Re: Large objetcs performance

From: "Merlin Moncure" <mmoncure(at)gmail(dot)com>
To: "Alexandre Vasconcelos" <alex(dot)vasconcelos(at)gmail(dot)com>
Cc: pgsql-performance(at)postgresql(dot)org
Subject: Re: Large objetcs performance
Date: 2007-04-12 13:42:03
Message-ID: b42b73150704120642p239ea6ddkef9de07afc5921f2@mail.gmail.com
Views: Raw Message | Whole Thread | Download mbox | Resend email
Thread:
Lists: pgsql-performance

On 4/4/07, Alexandre Vasconcelos <alex(dot)vasconcelos(at)gmail(dot)com> wrote:
> We have an application subjected do sign documents and store them
> somewhere. The files size may vary from Kb to Mb. Delelopers are
> arguing about the reasons to store files direcly on operating system
> file system or on the database, as large objects. My boss is
> considering file system storing, because he is concerned about
> integrity, backup/restore corruptions. I'd like to know some reasons
> to convince them to store these files on PosgtreSQL, including
> integrity, and of course, performance.
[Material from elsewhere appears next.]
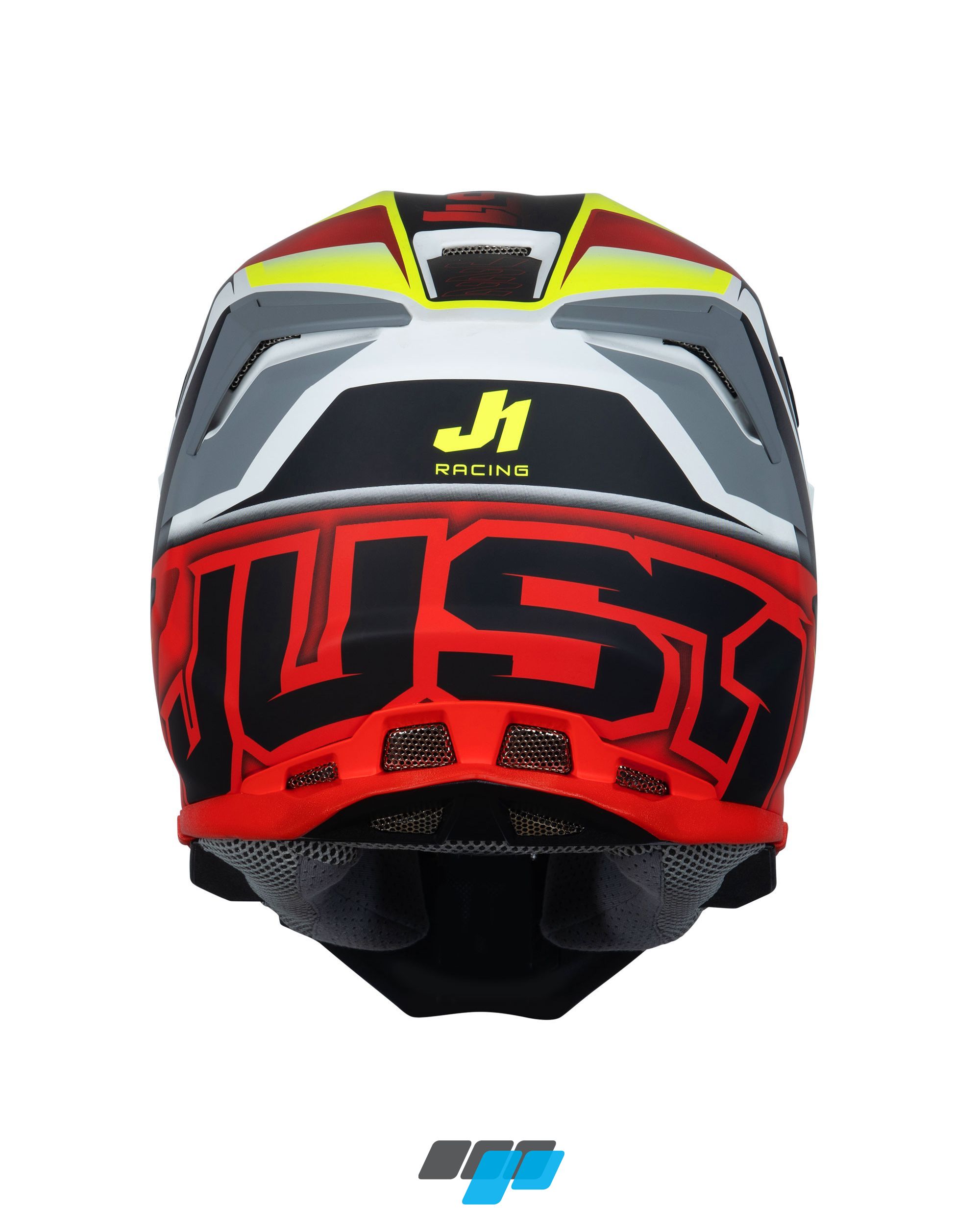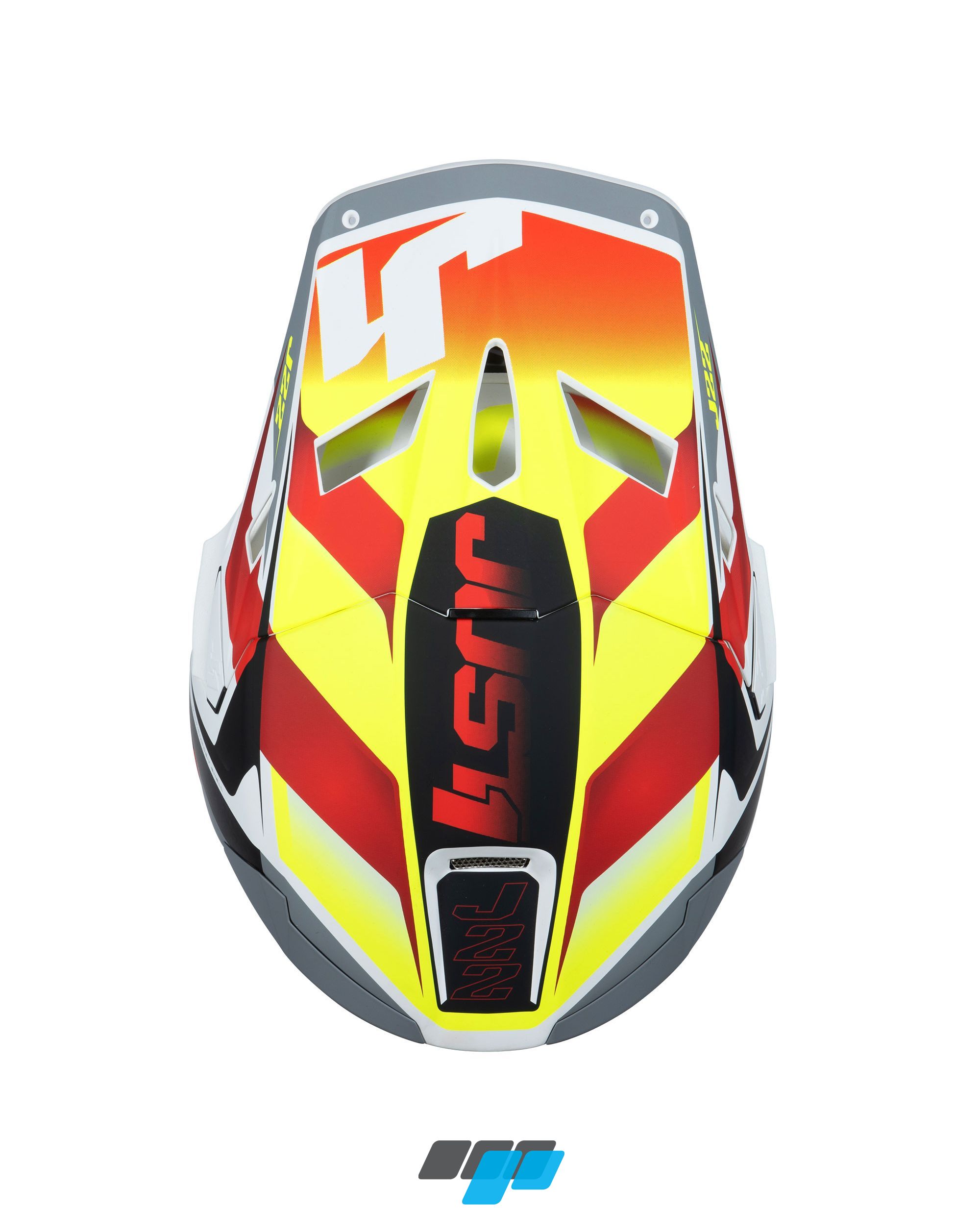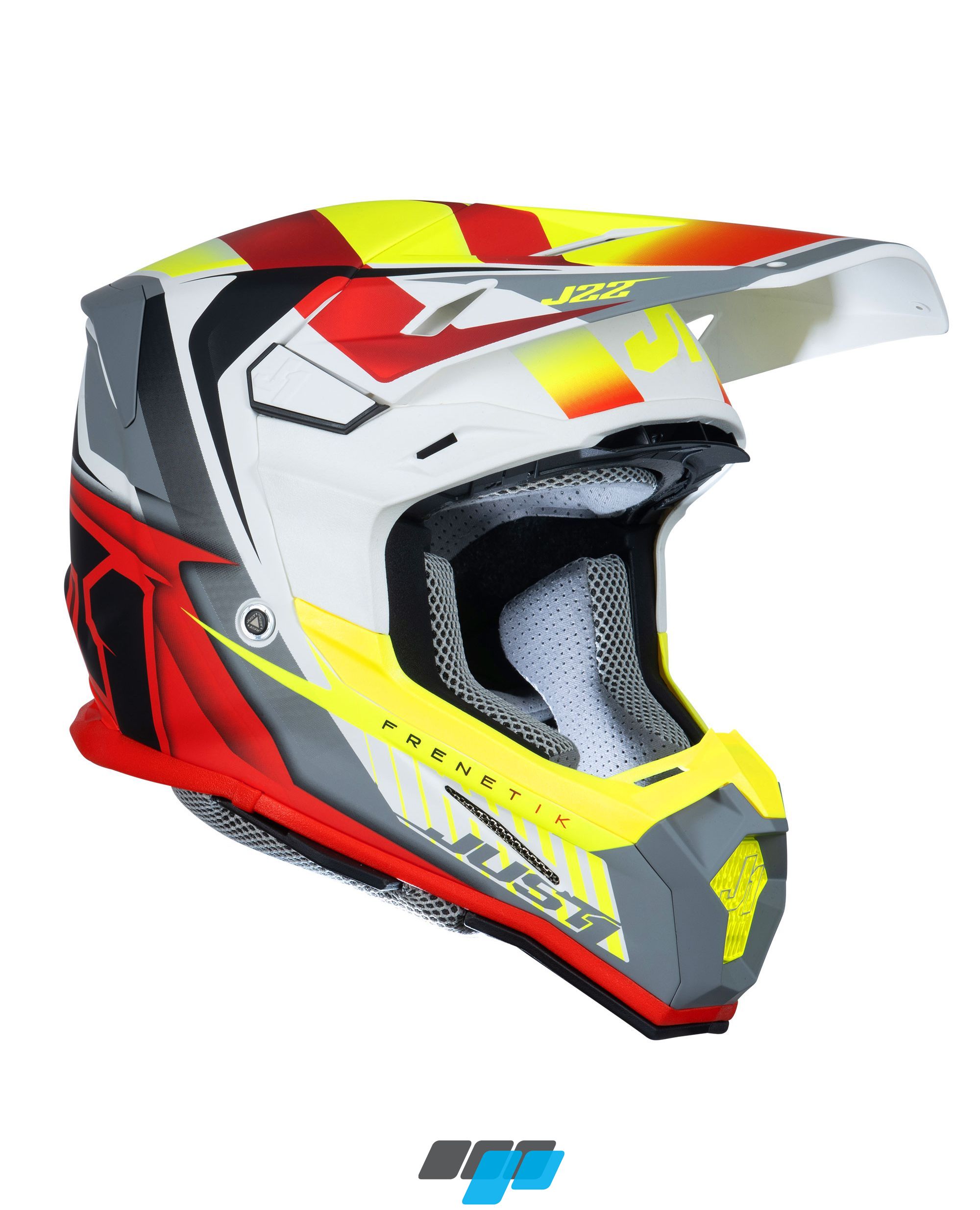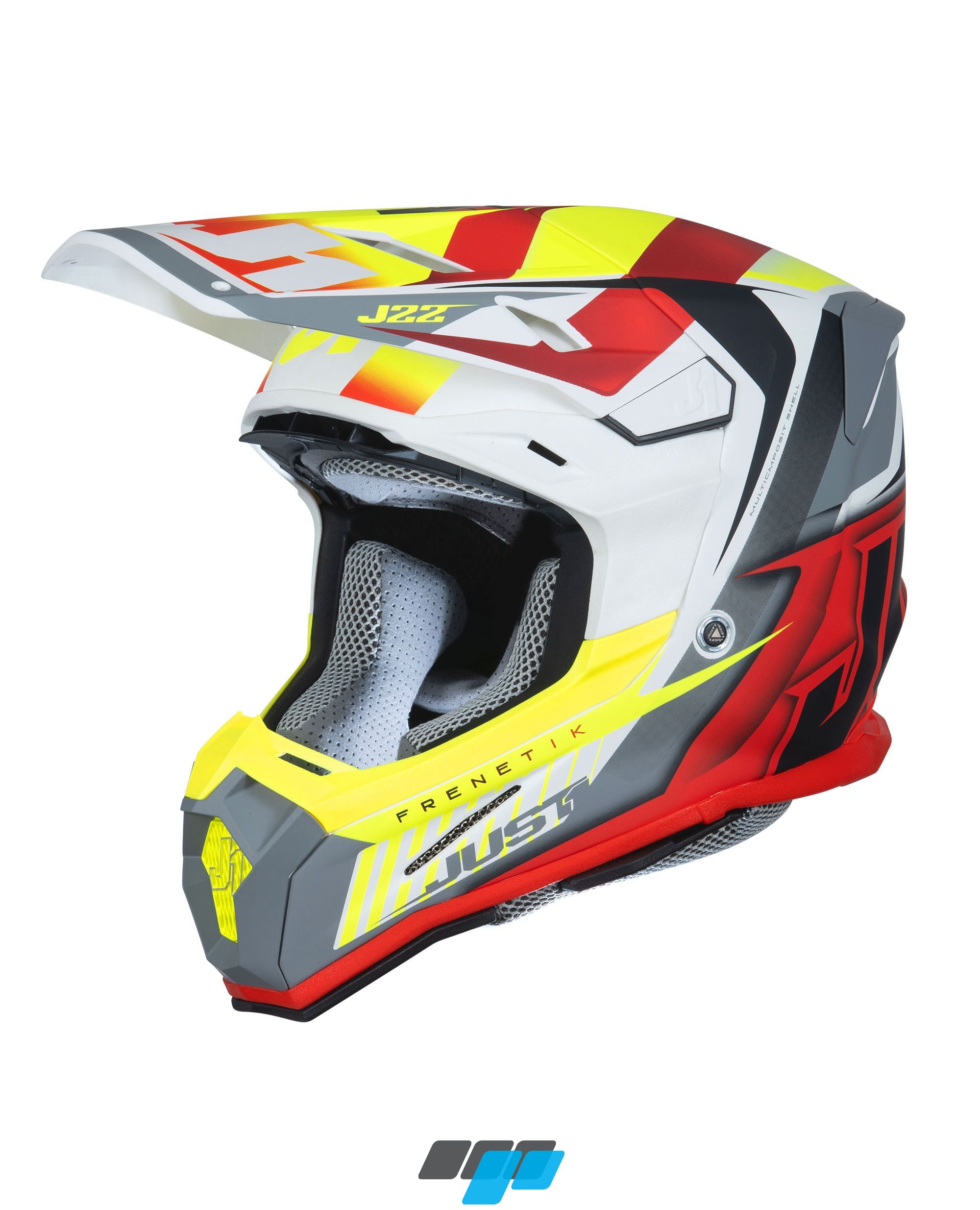Just1 motorcross Fibreglass crash helmet J22 Frenetik in fire fluorescent yellow, and white colour scheme with high rigidity shell anatomically structured with the exclusive "N.B.F.F." system (Neck Brace Front Fit). Removable and washable inner lining, using highly breathable fabrics and hygienically treated

I would like to know the file
> system storing disadvantages as well.

This topic actually gets debated about once a month on the lists :-).
Check the archives, but here is a quick summary:

Storing objects on the file system:
* usually indexed on the database for searching
* faster than database (usually)
* more typical usage pattern
* requires extra engineering if you want to store huge numbers of objects
* requires extra engineering to keep your database in sync. on
postgresql irc someone suggested a clever solution with inotify
* backup can be a pain (even rsync has its limits) -- for really big
systems, look at clustering solutions (drbd for example)
* lots of people will tell you this 'feels' right or wrong -- ignore them :-)
* well traveled path. it can be made to work.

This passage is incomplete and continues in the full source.